B. Contribution and Organization
It is worth to remark that a
final consensus on the 802.11ax specification has not been reached
yet. Indeed, the initial 802.11ax 1.0 draft standard was balloted in
January 2017 and received just 58% of positive votes opposed to the
75% required threshold, and as many as 7334 comments officially
filed. The second draft standard obtained only 63% affirmative
votes. Only the third version passed the ballot with over 85% of
positive votes and 2154 comments.
Still, even if the development process has clearly not yet finished
and many open issues need to be addressed before finalization, some
firm landmarks have now been set. Therefore, we believe this may be
the right time to report about the current status of the 802.11ax
proposal and discuss the major solutions and approaches therein
under consideration, in a format accessible to the wireless
networking community at large.
In this tutorial paper, also leveraging our direct participation to
the 802.11ax activities, the goal is threefold:
- providing a snapshot of the major solution and approaches
included so far in the standardization work;
- complementing such an information with selected quantitative
results which suggest the extent to which the emerging standard is
able to maintain its promises of throughput quadruplication stated
in the 802.11ax Project Authorization Request (PAR) document [7],
and
- identifying the issues or caveats which may require further
support from the research community, e.g., in terms of further ideas
and/or simulation results.
This work is not the first tutorial on 802.11ax. We acknowledge that
a few earlier overviews have been already written at the beginning
of the development process. However, earlier tutorial papers were
based on very initial ideas being discussed at that times in the
802.11ax task group, and as such are not anymore fully
representative of the evolution of the 802.11ax standard. In fact,
part of the initially proposed features and technical approaches
have been further detailed, improved, or even superseded by the
hectic standardization work carried out in the last period. In a few
cases some proposals have been rejected and left to future
standards. Most notably, the support for full-duplex operation,
albeit popular and considered very interesting by the community, was
ultimately considered out of the scope of the 802.11ax technology.
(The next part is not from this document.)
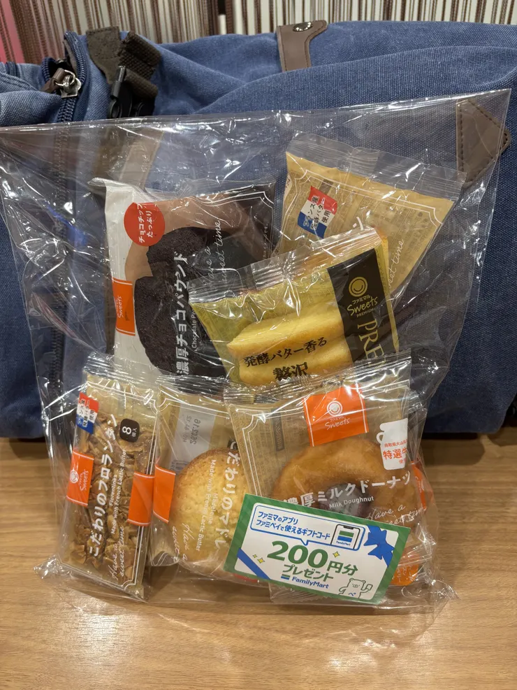 今日入っているものは青砥駅ファミマで1,576円分のスィーツが1,000円しかも200ポイントもらえるのが販売されているので3つ購入。全てわたしがいただくのではなく、今週末にマラソンの給水係を担当するのですがはじめましての方々と5-6時間立っているので途中おやつ🍪にみなさまに配るのです。

This tutorial will introduce the reader to the technical details of
the proposed Orthogonal Frequency-Division Multiple Access (OFDMA)
approach (including OFDMA random access). It will clearly describe
the already adopted frame structure, and will give a comprehensive
overview of the new features which enable overlapping Basic Service
Set (BSS) management and spatial reuse — BSS coloring, usage of
Quiet Time Periods and two Network Allocation Vectors, adjustment of
the sensitivity threshold and the transmit power, and others.
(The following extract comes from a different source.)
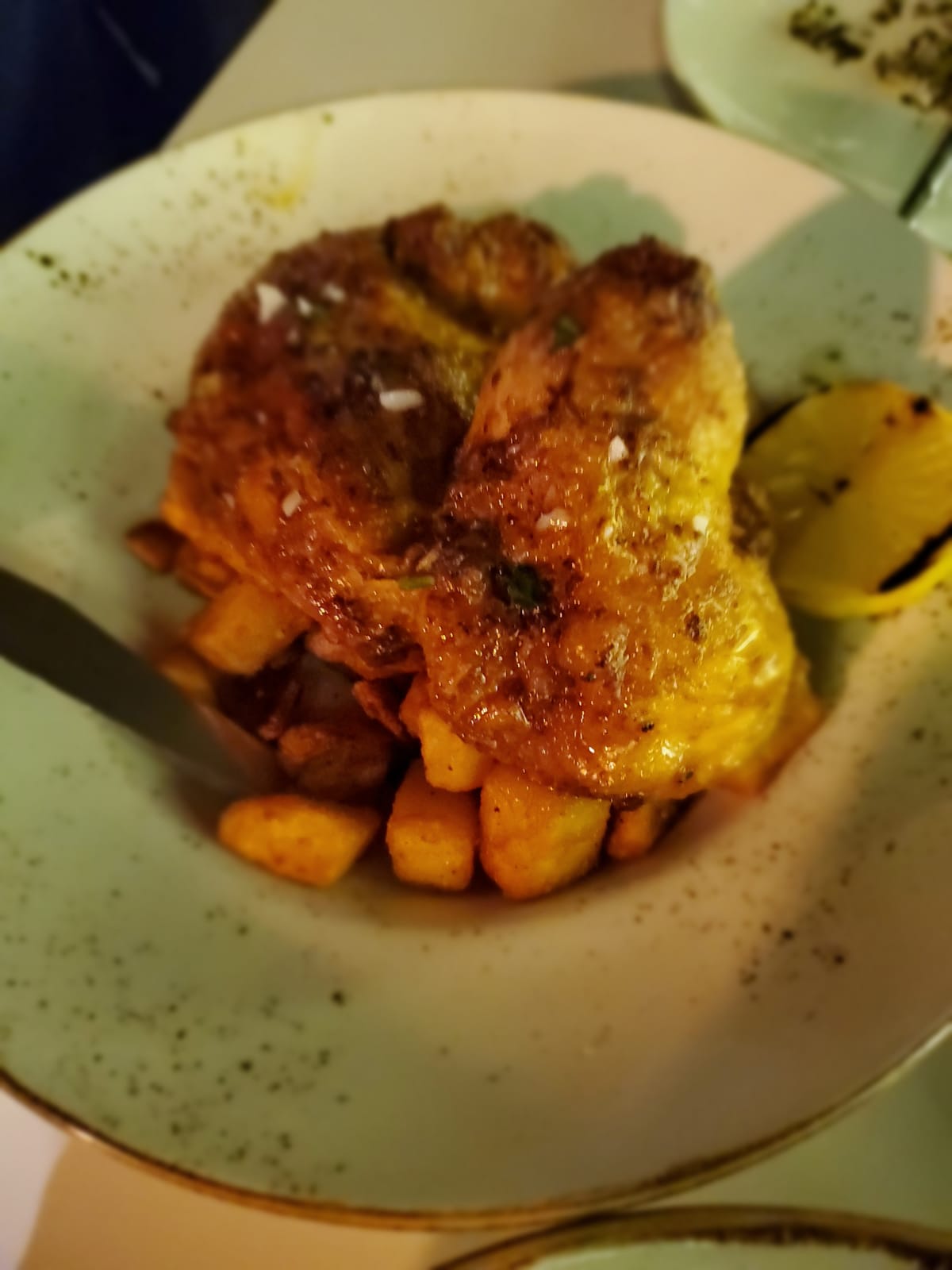I ordered the Brick Roasted Half Chicken, which was on the small side but plenty for lunch. It was seasoned with rosemary, and the skin was thin and crispy. Delicious, juicy, and tender! It came with delicious roasted finger potatoes. An herbed yogurt sauce accompanied the meal. I was very happy with Maura's recommendation.

Moreover, we will give an insight into the novel power management
techniques which have already become a part of the 802.11ax draft
standard.
This tutorial will also try to include numerical results
obtained by the researchers from both industrial companies and the
academic community. Besides, a number of open issues will be
higlighted; some of which have to be solved in the framework of the
development of the 802.11ax amendment and some of which will be
converted into proprietary algorithms designed by each vendor
individually.
The rest of the tutorial paper is organized as follows. In Section
II, after a brief review of the state-of-the-art before 802.11ax,
the main characterizing features of the new technology are briefly
introduced. In the subsequent sections, details on the specific
enhancements suggested for the PHY layer (Section III), the major
breakthroughs in the channel access operation brought about by the
adoption of OFDMA and of the MU-MIMO uplink operation and the
corresponding channel access modifications (Section IV), the
improvements that enable spatial reuse (Section V) and the new power
management solutions proposed (Section VI) are presented.